Every line of the material must be given again verbatim. Skip the images.

- [Given data]

+ + +

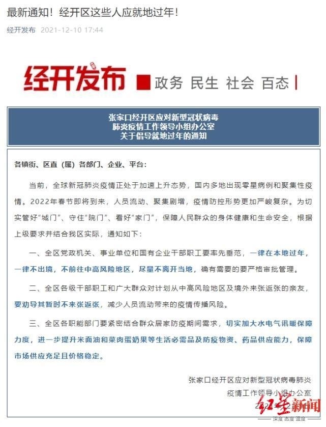 12月9日,河北張家口經(jīng)開(kāi)區(qū)也發(fā)出通知:全區(qū)黨政機(jī)關(guān)職工等就地過(guò)年。通知中倡導(dǎo):全區(qū)黨政機(jī)關(guān)、事業(yè)單位和國(guó)有企業(yè)干部職工要率先垂范,一律在本地過(guò)年,一律不出境,不前往中高風(fēng)險(xiǎn)地區(qū),盡量不離開(kāi)當(dāng)?shù)?,確有需要的要嚴(yán)格審批管理。
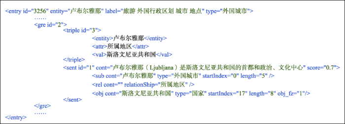 | 空间关系 | 80 | 地理位置、地理区域、包含景点、包含高校、临近火车站、途经城市、过境公路、流经地区、连接城市、源头、所属城市、临近机场等 | 230 | 地理位置、位于、注入、主要景区、所属国家、途经、流经地区、所属山系 | |
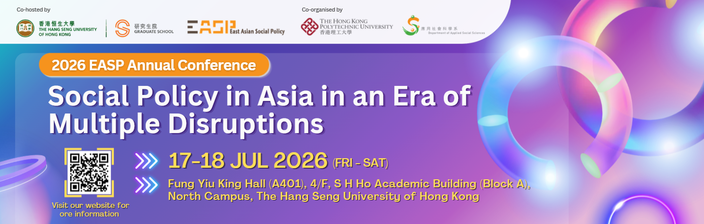 In light of the complex challenges shaping our world today, the 2026 EASP Annual Conference – Social Policy in Asia in an Era of Multiple Disruptions seeks to bring together scholars and practitioners to exchange ideas, share research, and foster meaningful collaboration. The conference is co-hosted by the Graduate School of The Hang Seng University of Hong Kong and the East Asian Social Policy Research Network (EASP), and co-organised with the Department of Applied Social Sciences (APSS) of The Hong Kong Polytechnic University. The event will be held on 17–18 July 2026 (Friday to Saturday) at The Hang Seng University of Hong Kong (HSUHK) and will take place in person only.

+ + +

- [Solution]
 12月9日,河北張家口經(jīng)開(kāi)區(qū)也發(fā)出通知:全區(qū)黨政機(jī)關(guān)職工等就地過(guò)年。通知中倡導(dǎo):全區(qū)黨政機(jī)關(guān)、事業(yè)單位和國(guó)有企業(yè)干部職工要率先垂范,一律在本地過(guò)年,一律不出境,不前往中高風(fēng)險(xiǎn)地區(qū),盡量不離開(kāi)當(dāng)?shù)?,確有需要的要嚴(yán)格審批管理。
 | 空间关系 | 80 | 地理位置、地理区域、包含景点、包含高校、临近火车站、途经城市、过境公路、流经地区、连接城市、源头、所属城市、临近机场等 | 230 | 地理位置、位于、注入、主要景区、所属国家、途经、流经地区、所属山系 | |
 In light of the complex challenges shaping our world today, the 2026 EASP Annual Conference – Social Policy in Asia in an Era of Multiple Disruptions seeks to bring together scholars and practitioners to exchange ideas, share research, and foster meaningful collaboration. The conference is co-hosted by the Graduate School of The Hang Seng University of Hong Kong and the East Asian Social Policy Research Network (EASP), and co-organised with the Department of Applied Social Sciences (APSS) of The Hong Kong Polytechnic University. The event will be held on 17–18 July 2026 (Friday to Saturday) at The Hang Seng University of Hong Kong (HSUHK) and will take place in person only.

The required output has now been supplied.